A few sweeping generalizations:
- FDA approval and sales success seem to be connected to corporate resources. Small to mid-cap biotechs have been chasing targeted therapies for ~15 years without much output. (I’m talking about companies such as Exelixis, Vertex (pre-HepC), Ariad, etc., though I don’t mean to pick on specific companies.) With three exceptions (Onyx’s Nexavar, OSI’s Tarceva, and the former ImClone’s Erbitux), the targeted therapies have largely been developed in-house by “old” companies with multi-billion dollar market caps and the resources to match. (You could make the case that Amgen’s Vectibix came from a small targeted effort at Abgenix, but I suspect that it was Amgen’s resources that got Vectibix through FDA approval. Similarly, Sutent started at Sugen, but Pharmacia and Pfizer seemed to have provided the big push.)

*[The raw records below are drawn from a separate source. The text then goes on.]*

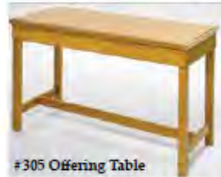
#305 Offering Table 36" Long x 22" Deep x 32" High

Offering Tables and Offering Desks are finely hand-crafted and are available with optional locking drawer, or inscriptions "TITHE" or "OFFERING".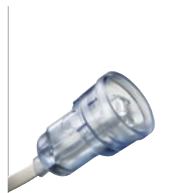
Easy-to-use "telephone style" cable connection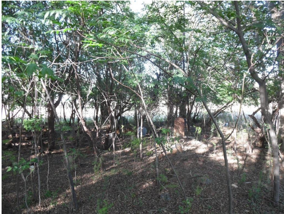
Figure 13: Cemetery 1 (approx. 30 graves): Situated near commencement point of the proposed development (S 25° 59'22.4 E027° 33'06.0") (circa prior to 1940's)

Three cemeteries are situated in the greater study area.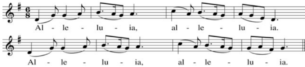
Music: Fintan O'Carroll, © 1985, GIA Publications, Inc.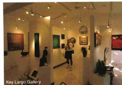
Key Largo Gallery

New on the scene in the Middle Keys is the Holiday Inn Express & Suites, with 134 rooms and a 24-hour business center; and a new conference and event facility at the Coral Lagoon Resort that accommodates up to 75.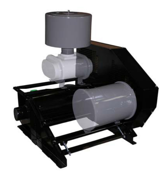
BBF Series frame shown with optional equipment.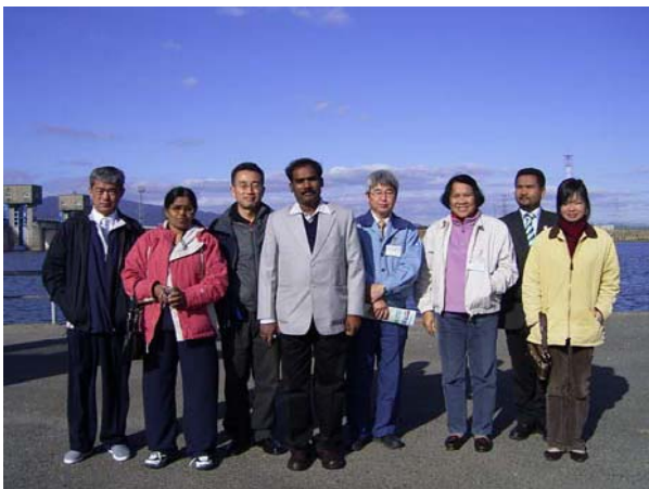
Study Tour in Fukuoka Dec. 5, 2007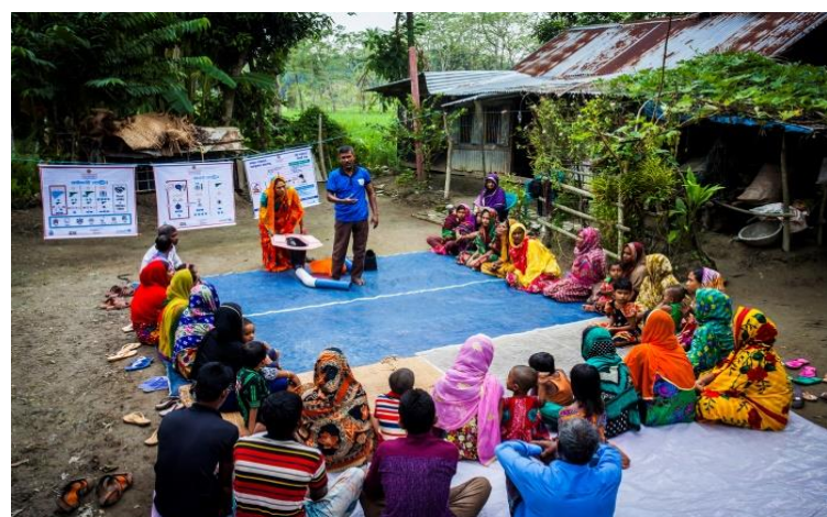
Creating demand for sanitation solutions

poor and disadvantaged people in six rural districts of Bangladesh with better health and well-being through improved sanitation. Funded by the SDC and UNICEF and implemented by iDE, SanMarkS builds household demand and private sector supply of hygienic latrines. Additionally, the project engages the public and development sectors to create an enabling environment for these market-based activities. At midpoint, the project has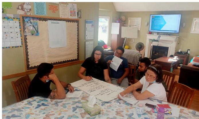
Mandt training session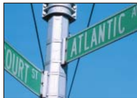
The corner of Court Street and Atlantic Avenue in Brooklyn is the site of a groundbreaking organizing effort for Concrete Laborers.

"I am proud to be involved with such a great group of workers and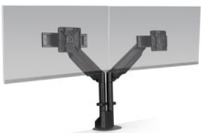
Dual arm features slides for maximum adjustability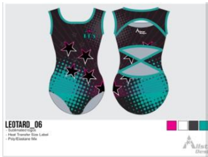
Leotard 06: YXS – YL £37 Leotard 06: AXS – AL £43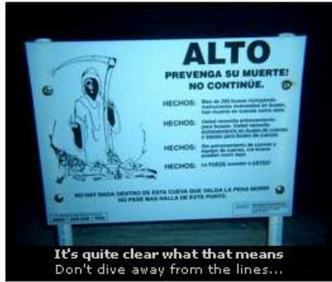
It's quite clear what that means Don't dive away from the lines...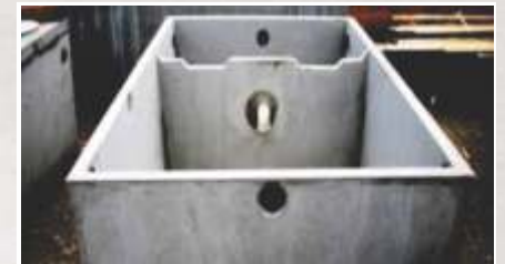
CONCEALED SOAK PIT FACILITY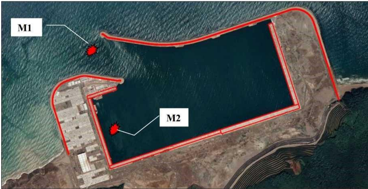
Figure 8-2: Accident points where simulations have been hypothesized (coastal area-port).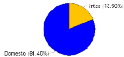
New NARs--FY2002 Intco as percentage of PCC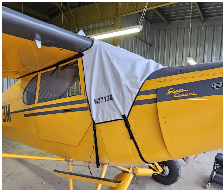
Piper PA-12: Super Cruiser, J5 Cub Windshield/Skylight Cover

the hottest of days. It is water, ice and snow repellent, yet breathable to allow moisture to escape from between the cover and the aircraft surface.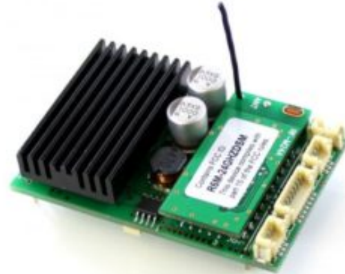
Receiver w/Sound $141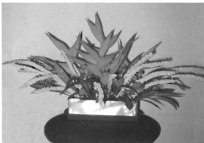
Heliconias are excellent for decoration

leaves are stripped off and top most leaf blades are cut leaving the petiole. They are used in stage decorations, bouquet making, long arrangements etc. The vase-life of inflorescences is 10-12 days. Inflorescences of around 1 m length and 9 cm stem girth with two or more open bracts are selected for sale. Smaller inflorescences can be used for value-addition such as bouquets and table top arrangements. In order to remove the field heat, the cut end of the inflorescence stem is dipped in tap water for about an hour. These are then washed in water for removing soil and dust. The excess water is wiped off and inflorescences are graded based on their length. Inflorescence with fewer flowers inside the bracts are ideal for marketing as it reduces time and cost of cleaning and minimize occurrence of insects, odours from water accumulation and organic matter deterioration. At least 4-5 marketable inflorescences are produced in the first year of planting itself. It produces 45-50 inflorescences/clump/year in the subsequent years. It needs to be replanted after 3-4 years.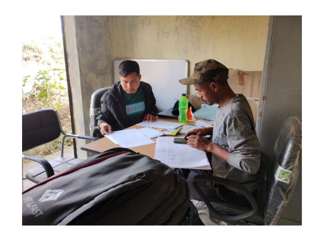
(Bokashi) was conducted for Producer Groups (PGs) at East members purchased shares and enrolled as new members of Rangblang Sohsynniang Area IVCS LTD, West Khasi Hills.

On February 1, 2024, a follow-up was carried out at Mawpud IVCS, South West Khasi Hills. Activities conducted, included collecting the IVCS monthly report, gathering Utilization Certificates (UC) for the corpus fund, and addressing other related activities.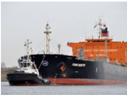
Above: Iskes Tugboats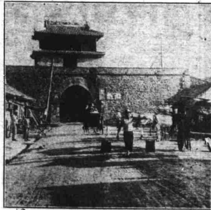
A street in Chinchow behind the great wall of China where the fast organized force of Chinese troops in Manchuria is concentrated. Japanese commander warned China to withdraw her troops from the city. Japanese forces moved toward Chinchow ostensibly to clean out lawless elements along the South Manchurian railway.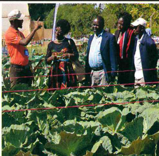
Customers trained in EASEED New Products.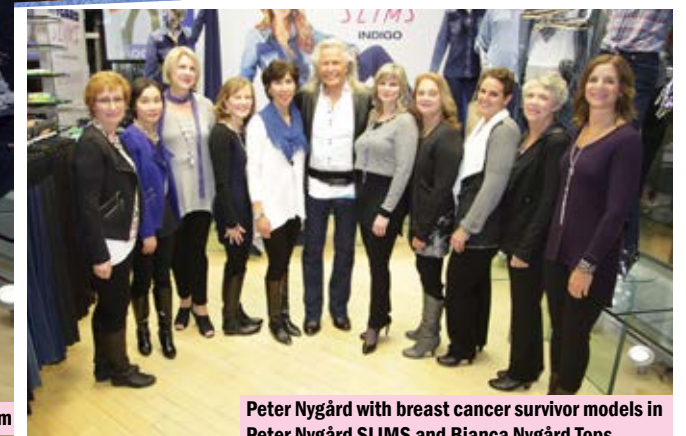
Peter Nygård with breast cancer survivor models in Peter Nygård SLIMS and Bianca Nygård Tops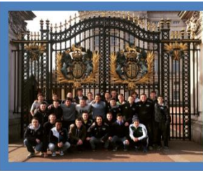
Wisconsin Lutheran College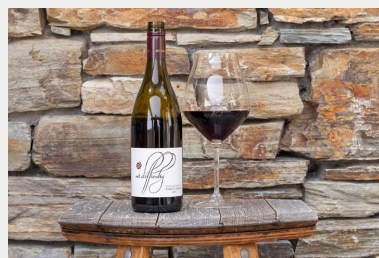
Mt Difficulty Central Otago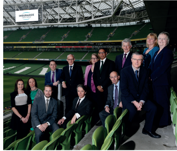
The Insurance Ireland Team

There were 35 events held by Insurance Ireland in 2014, up from 8 in 2013

- A gross generalization: the small to mid-caps tend to lack broad biological or disease-specific expertise, instead investing in target-specific expertise, or platform-specific expertise, thinking that broad expertise (ancillary to their target or disease of interest) is expensive overhead. I wonder if the results to date argue for the big pharma discovery model, or just reinforces the need for a broad portfolio to be successful in drug discovery and development.
- With rare exception (as in Pfizer’s Xalkori and Novartis’ Gleevec), the path to FDA approval has been arduous for these drugs. There are a number of targeted drug developers who hold out hope that their P2 or P3 results will be so clear and strong that their clinical trials will be stopped early and approved quickly. That’s definitely the exception, unfortunately, and even in the positive trials for targeted drugs, the data has tended to be good, not great. I suspect that is a function of the requirements of clinical trial design and comparison to first-line chemotherapies. As a result the “new” drugs are posting smallish survival benefits when compared to the “old” therapies, with no accounting for how certain patient segments have had dramatic benefits. (Thus starting the vicious circular argument that targeted therapies ought to have stratified patient populations in clinical trials, but stratifying patients shrinks the market potential for such drugs, bring the business viability of the targeted therapy into question.) It seems that the FDA could take the Xalkori experience and develop a novel process for rapid approval based on patient stratification without derailing or obviating more broad approval for the drug.
The $27B in revenue in this segment (likely to grow past $50B in 2014) has hopefully served to further de-risk pharma R&D in molecularly targeted therapeutics. Coupled with advancements in medicinal chemistry, we will hopefully see more and better targeted therapies in the future.